Print exactly the lines below between the line holding "Hadi, Gençlik ve" and the line holding "Mammography Centers Directory: a", inclusive, and nothing more.

**Given records**
◆ ◆ ◆ ◆

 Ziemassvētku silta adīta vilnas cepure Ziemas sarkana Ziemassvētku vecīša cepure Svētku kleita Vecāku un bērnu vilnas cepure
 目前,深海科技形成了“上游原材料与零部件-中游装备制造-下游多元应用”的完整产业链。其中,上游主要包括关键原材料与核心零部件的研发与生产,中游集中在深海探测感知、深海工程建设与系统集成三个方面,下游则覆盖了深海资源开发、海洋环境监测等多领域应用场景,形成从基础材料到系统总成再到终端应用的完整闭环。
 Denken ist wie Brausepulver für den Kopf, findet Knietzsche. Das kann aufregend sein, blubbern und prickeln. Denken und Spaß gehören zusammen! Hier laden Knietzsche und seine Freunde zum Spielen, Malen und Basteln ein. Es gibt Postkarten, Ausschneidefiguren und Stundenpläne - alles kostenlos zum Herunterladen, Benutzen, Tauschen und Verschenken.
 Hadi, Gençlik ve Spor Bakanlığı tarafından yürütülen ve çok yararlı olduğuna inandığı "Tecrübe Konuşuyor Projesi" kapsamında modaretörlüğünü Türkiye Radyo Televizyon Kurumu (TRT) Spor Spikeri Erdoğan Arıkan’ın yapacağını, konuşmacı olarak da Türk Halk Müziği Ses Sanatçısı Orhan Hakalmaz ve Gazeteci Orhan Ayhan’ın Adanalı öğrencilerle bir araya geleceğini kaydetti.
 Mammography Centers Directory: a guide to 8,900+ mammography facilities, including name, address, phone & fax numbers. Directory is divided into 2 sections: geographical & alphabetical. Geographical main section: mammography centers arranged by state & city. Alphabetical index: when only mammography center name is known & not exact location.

◆ ◆ ◆ ◆

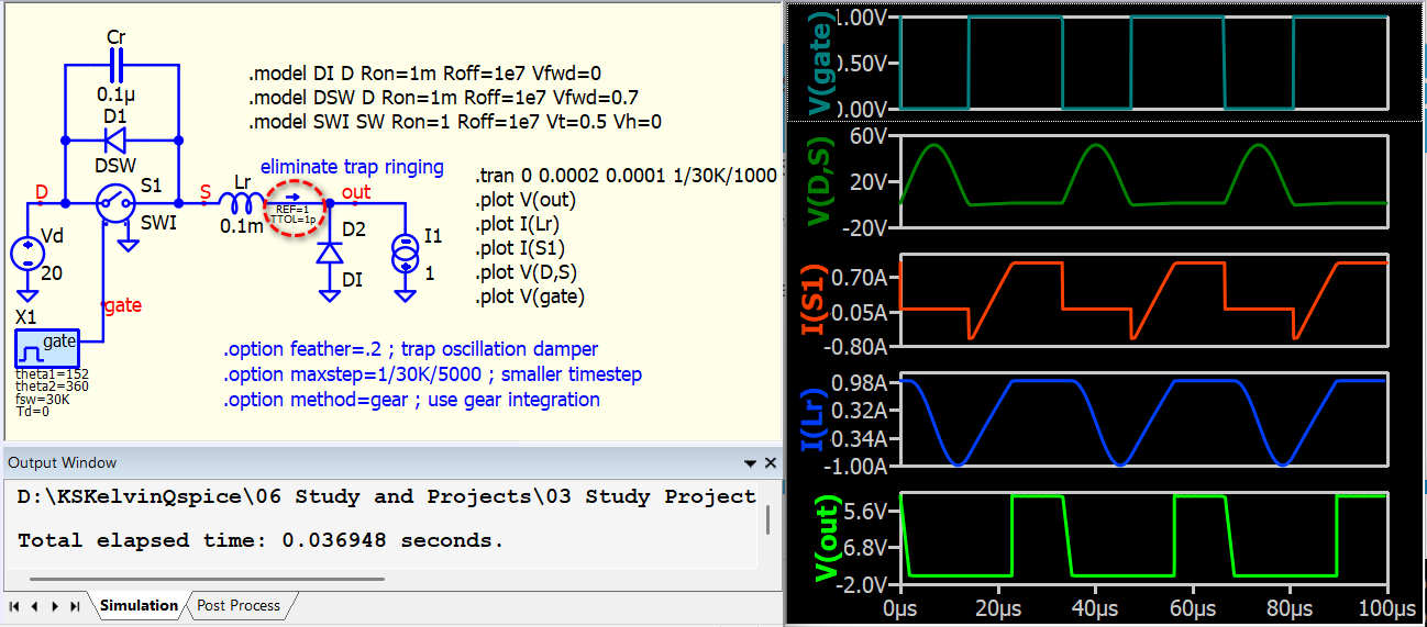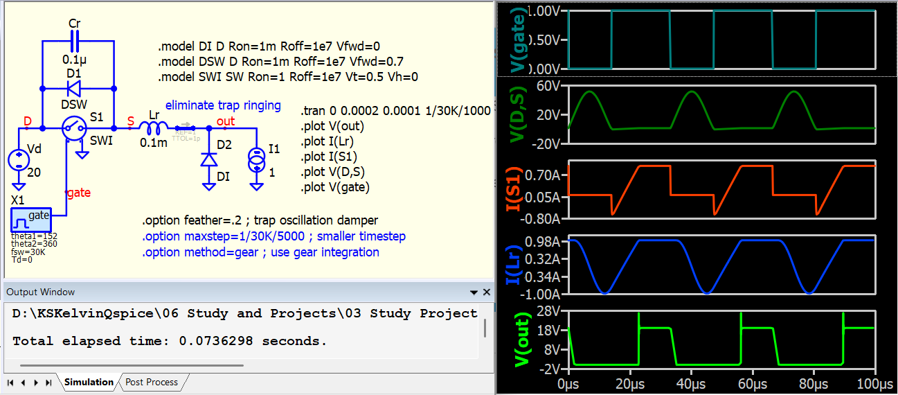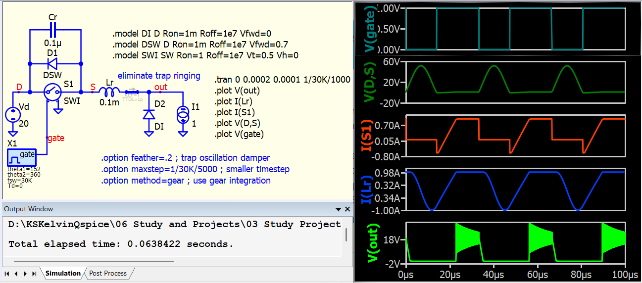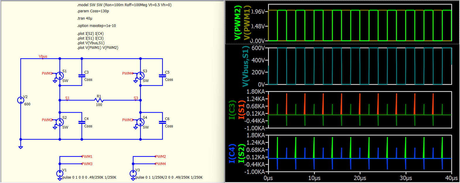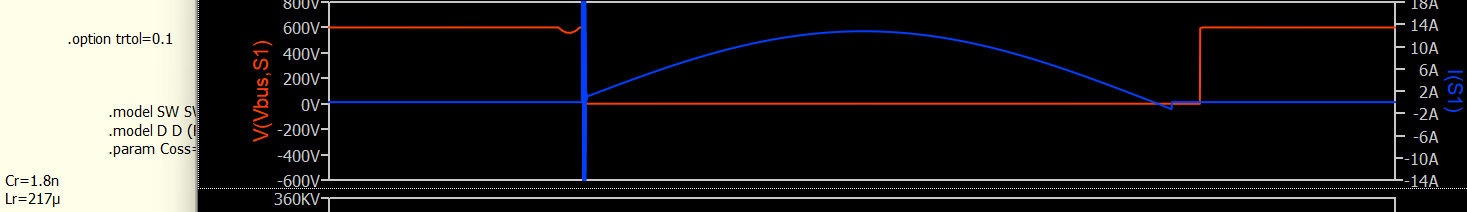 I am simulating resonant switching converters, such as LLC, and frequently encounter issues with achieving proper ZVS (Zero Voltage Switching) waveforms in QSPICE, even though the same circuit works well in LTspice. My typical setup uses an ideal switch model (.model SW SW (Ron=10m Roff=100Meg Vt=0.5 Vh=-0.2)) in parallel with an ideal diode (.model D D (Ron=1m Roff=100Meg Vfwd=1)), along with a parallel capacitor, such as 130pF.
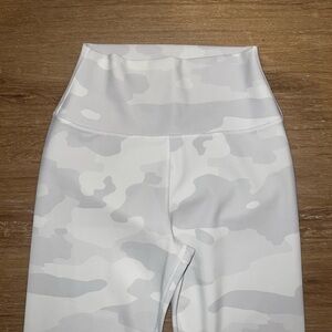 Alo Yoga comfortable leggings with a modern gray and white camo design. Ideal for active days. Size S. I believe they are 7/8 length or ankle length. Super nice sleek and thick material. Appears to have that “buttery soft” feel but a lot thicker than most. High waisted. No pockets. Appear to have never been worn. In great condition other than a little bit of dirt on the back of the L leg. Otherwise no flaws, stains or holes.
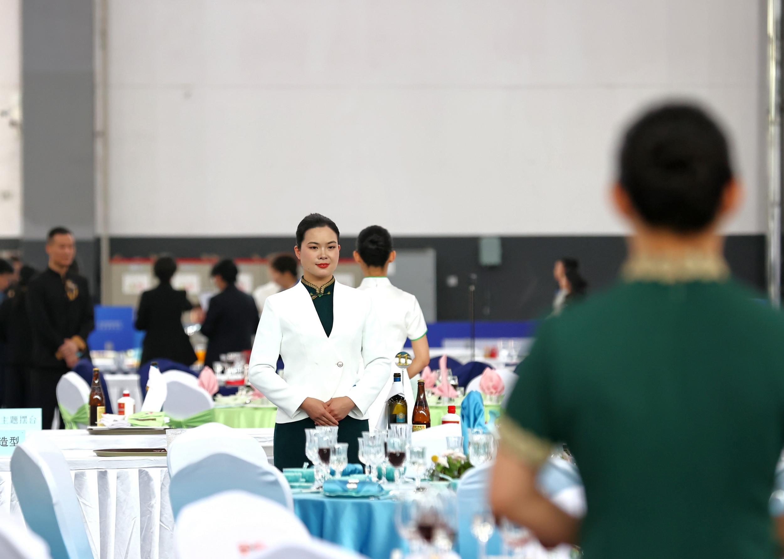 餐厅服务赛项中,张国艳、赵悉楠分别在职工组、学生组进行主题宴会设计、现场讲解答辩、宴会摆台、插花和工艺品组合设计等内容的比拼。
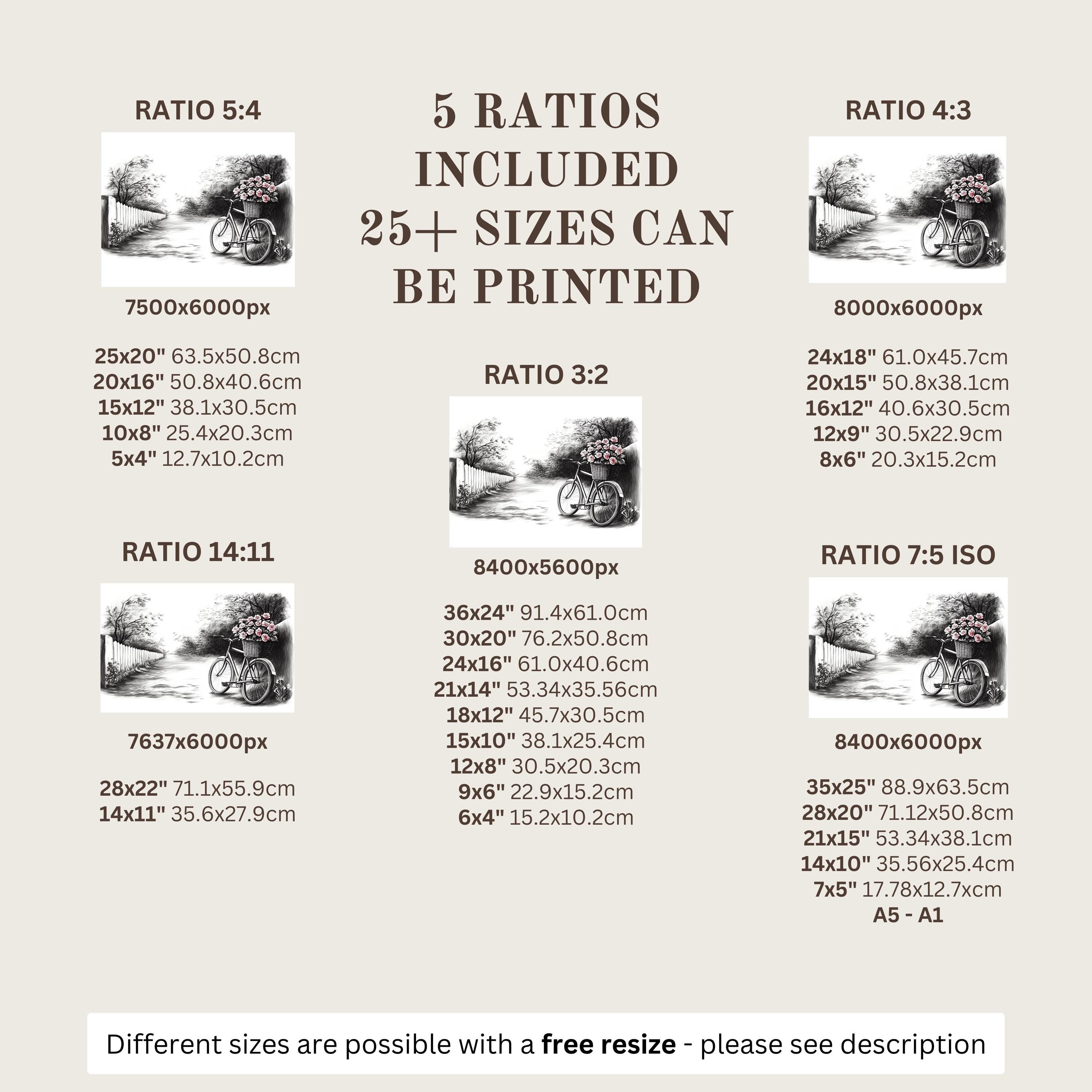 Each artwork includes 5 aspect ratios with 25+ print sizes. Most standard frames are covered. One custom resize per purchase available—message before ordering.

◆ ◆ ◆ ◆

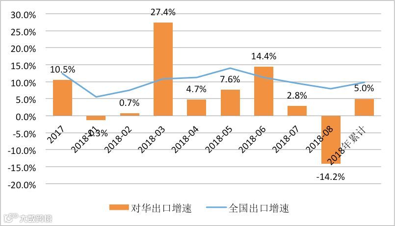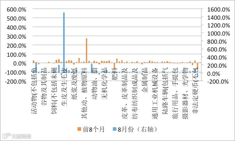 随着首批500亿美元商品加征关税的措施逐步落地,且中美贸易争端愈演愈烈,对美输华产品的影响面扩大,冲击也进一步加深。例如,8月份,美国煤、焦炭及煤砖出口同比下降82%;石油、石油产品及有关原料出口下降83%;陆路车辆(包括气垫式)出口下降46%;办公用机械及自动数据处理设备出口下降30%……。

◆ ◆ ◆ ◆

**Task output**
 Hadi, Gençlik ve Spor Bakanlığı tarafından yürütülen ve çok yararlı olduğuna inandığı "Tecrübe Konuşuyor Projesi" kapsamında modaretörlüğünü Türkiye Radyo Televizyon Kurumu (TRT) Spor Spikeri Erdoğan Arıkan’ın yapacağını, konuşmacı olarak da Türk Halk Müziği Ses Sanatçısı Orhan Hakalmaz ve Gazeteci Orhan Ayhan’ın Adanalı öğrencilerle bir araya geleceğini kaydetti.
 Mammography Centers Directory: a guide to 8,900+ mammography facilities, including name, address, phone & fax numbers. Directory is divided into 2 sections: geographical & alphabetical. Geographical main section: mammography centers arranged by state & city. Alphabetical index: when only mammography center name is known & not exact location.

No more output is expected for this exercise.